This pt with short stretch of Barrett's have previously had dysplasia detected within his Barrett's. He is now attending a follow up gastroscopy for consideration of RFA.
WHAT WOULD YOU DO NEXT?
■ TAKE ANOTHER SET OF SAMPLES
■ GO AHEAD AND RFA
■ DO AN EMR FIRST
On Facebook, most (69%) suggested that the nodule needed to be removed first. However, first taking another set of samples, isn't 'wrong'. Provided of course that you also sample that suspicious nodule at 6 O'clock (bottom right photograph)!

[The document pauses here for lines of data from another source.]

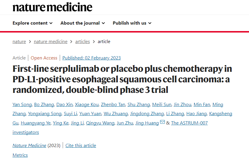北京時間2023年2月3日,z6尊龙时凯自主研發的抗PD-1單抗H藥 漢斯狀®(斯魯利單抗)聯合化療一線治療食管鱗狀細胞癌(ESCC)的Ⅲ期臨床研究(ASTRUM-007)結果在國際權威期刊Nature Medicine(影響因子:87.241)正式發表,該研究由國家癌症中心/國家腫瘤臨床醫學研究中心/中國醫學科學院北京協和醫學院腫瘤醫院黃鏡教授牽頭開展。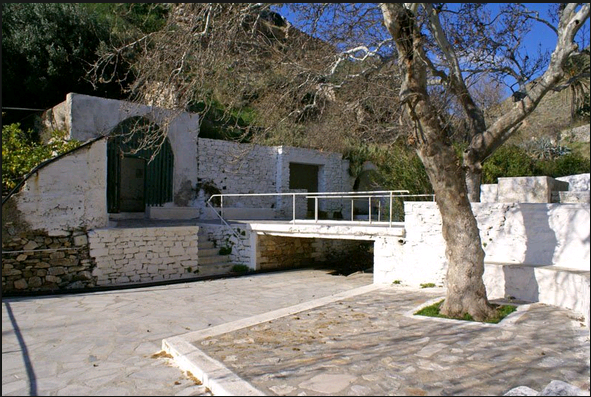 Σημείο συνάντησης στην αρχή του πλακόστρωτου μονοπατιού, κάτω από τον Μύλο.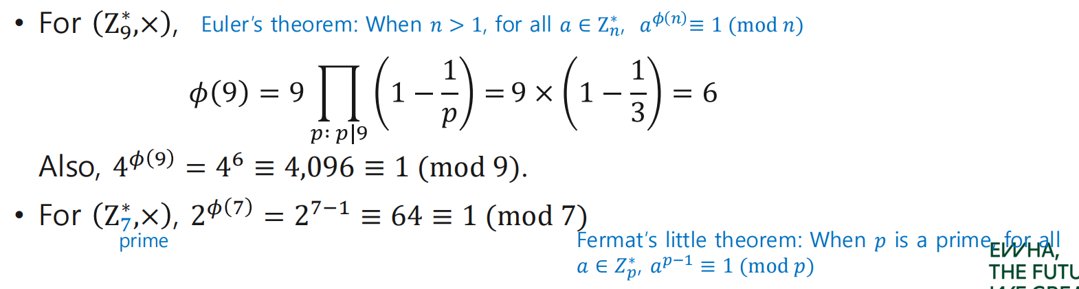 - When n>1, for all a∈Z_n*, a^𝜙(𝑛) ≡ 1 (mod n)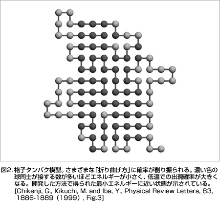 ![図3.格子タンパク模型。さまざまな「折り曲げ方」に確率が割り振られる。濃い色の球同士が接する数が多いほどエネルギーが小さく、低温での出現確率が大きくなる。開発した方法で得られた最小エネルギーに近い状態が示されている。[Chikenji, G., Kikuchi, M. and Iba, Y., Physical Review Letters, 83, 1886-1889(1999), Fig.3]](../img/visit/111-2/diagram_03.gif)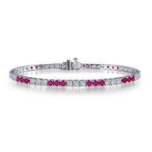 sparkly tennis bracelet is set with simulated diamonds and lab-grown rubies in sterling silver bonded with platinumSTONE COUNT: 57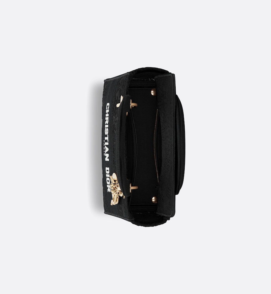 - The Lady D-Lite bag captures the House’s vision of classic elegance and modernity. Constructed in black Macramé embroidery, it offers a new take on the iconic House motif with this season’s signature Toile de Jouy Soleil pattern, layering suns and crescent moons into a floral design representing the four seasons. The pale gold-finish metal D.I.O.R. charms embellish and illuminate the silhouette. Featuring a wide, removable embroidered shoulder strap, the medium Lady D-Lite bag can be carried by hand or worn crossbody.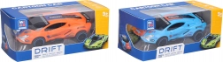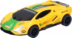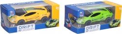Mașinuță de curse pentru drift cu mecanism pe inerție, dimensiuni 15,5 × 8 × 4 cm. Doar împinge-o înainte, iar datorită rotiței montate perpendicular în mijlocul șasiului, derapează singură. Disponibilă în 4 culori – albastru, verde, portocaliu, galben; distracție fără baterii.

I actually removed that nodule at the 'index examination'. As expected, it was confirmed as harbouring IMca. Not a surprise as 'Nodules are NEVER allowed within Barrett's. At the same time, I also obtained a set of samples from the more unremarkable surrounding Barrett's. This revealed a mixture of high and low grade dysplasia (i.e. HGD and LGD). A few months later the patient returned for his RFA. By the way, unstable Barrett's often has a subtly irregular surface, slightly more red than usual and often with patches of superficial ulceration. In particular, superficial ulceration almost certainly means that the Barrett's is dysplastic. Presumably this is because the 'Goblet cells' are the first to disappear when the Barrett's become unstable.
Of course, there is no hurry to offer patients RFA. I do take my time, first having a chat with the patient about the 'issues' of; pain afterwards (a prescription of 'oxetecaine & antacid' helps), the need for continued surveillance ('because the cure will not last') and reassure that continued 6-monthly surveillance is no less effective than RFA in reducing their likelihood of dying from Barrett's cancer.
What I don't mention is that most patients on Barrett's surveillance die from cardiovascular disease. Of course their risk of dying from oesophageal cancer may well be below the average population risk. Hmm, isn't it odd that we never see this benchmark figure of 'average population risk' in publications? Arguably, it's the ONLY benchmark that matters !!!